● **What the exercise asks**:
You are asked to copy the entire listing exactly, apart from its pictures.

● **Exercise data**:

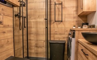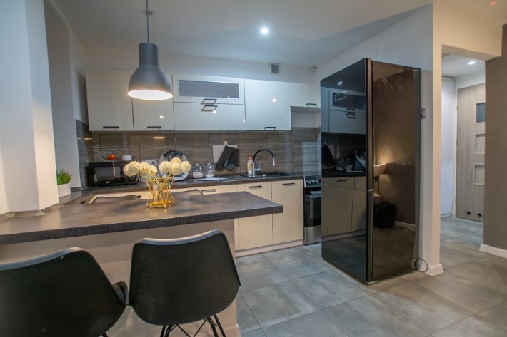 - kuchnia w zabudowie ze sprzętem AGD: kuchenka gazowa z piekarnikiem, lodówka z zamrażarką, zmywarka,
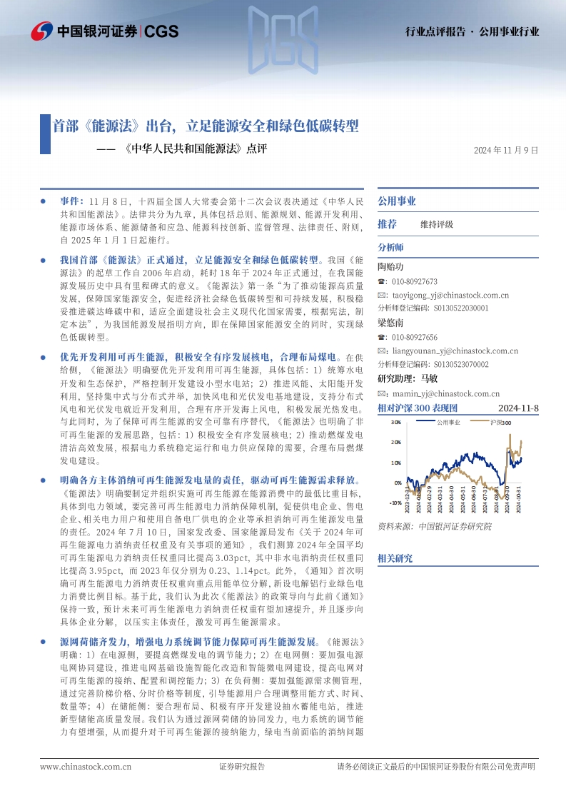 2024-11-10-中国银河-公用事业行业:《中华人民共和国能源法》点评-首部《能源法》出台,立足能源安全和绿色低碳转型
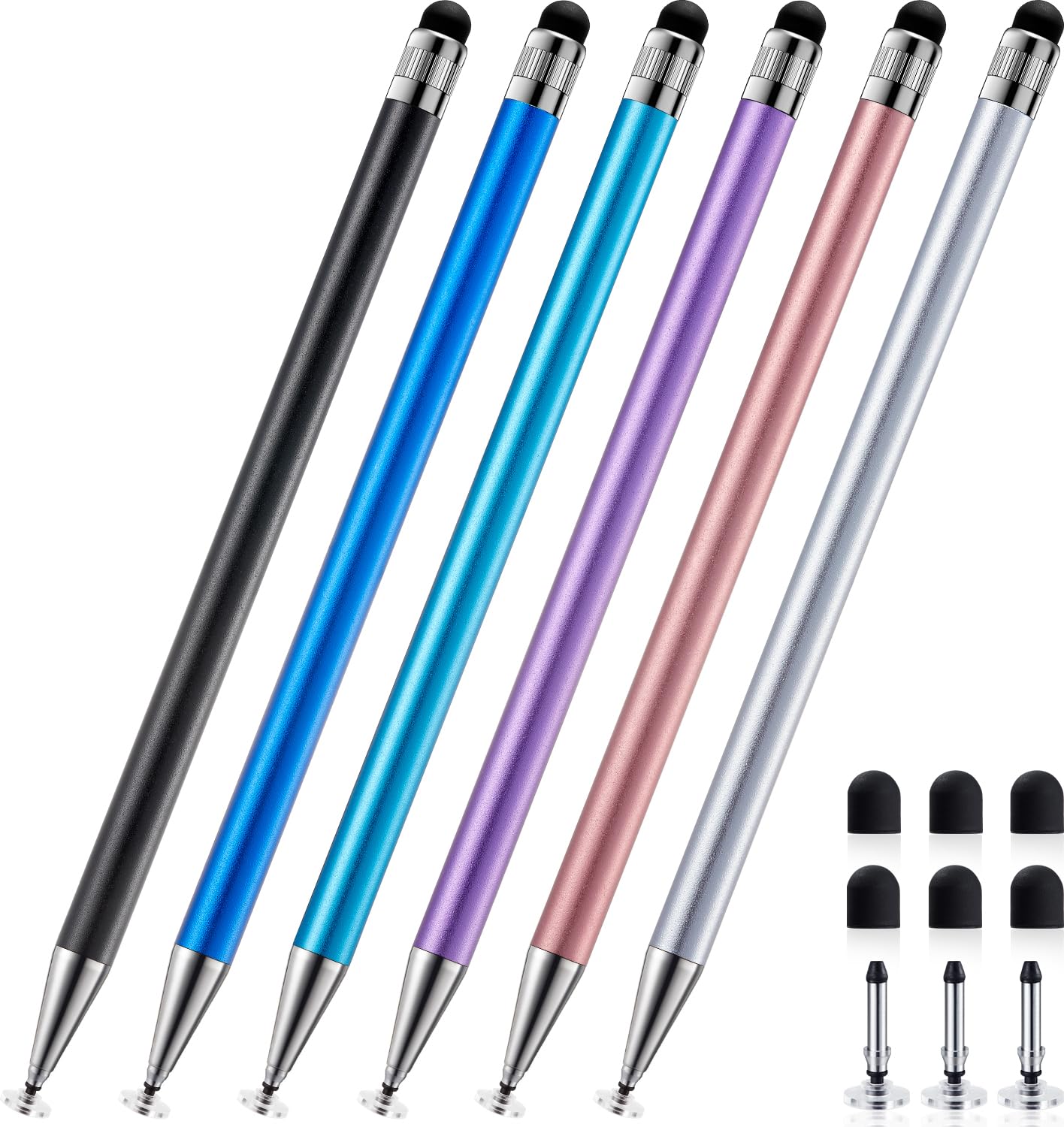 ChaoQ Stylus for Touch Screens, 10 Pcs 2 in 1 Slim Capacitive Stylus Ballpoint Pens (Black Ink) with 20 Replaceable Rubber Tips (Black,Silver,Blue,Gold,Green)

● **Task response**:
 - kuchnia w zabudowie ze sprzętem AGD: kuchenka gazowa z piekarnikiem, lodówka z zamrażarką, zmywarka,
 2024-11-10-中国银河-公用事业行业:《中华人民共和国能源法》点评-首部《能源法》出台,立足能源安全和绿色低碳转型
 ChaoQ Stylus for Touch Screens, 10 Pcs 2 in 1 Slim Capacitive Stylus Ballpoint Pens (Black Ink) with 20 Replaceable Rubber Tips (Black,Silver,Blue,Gold,Green)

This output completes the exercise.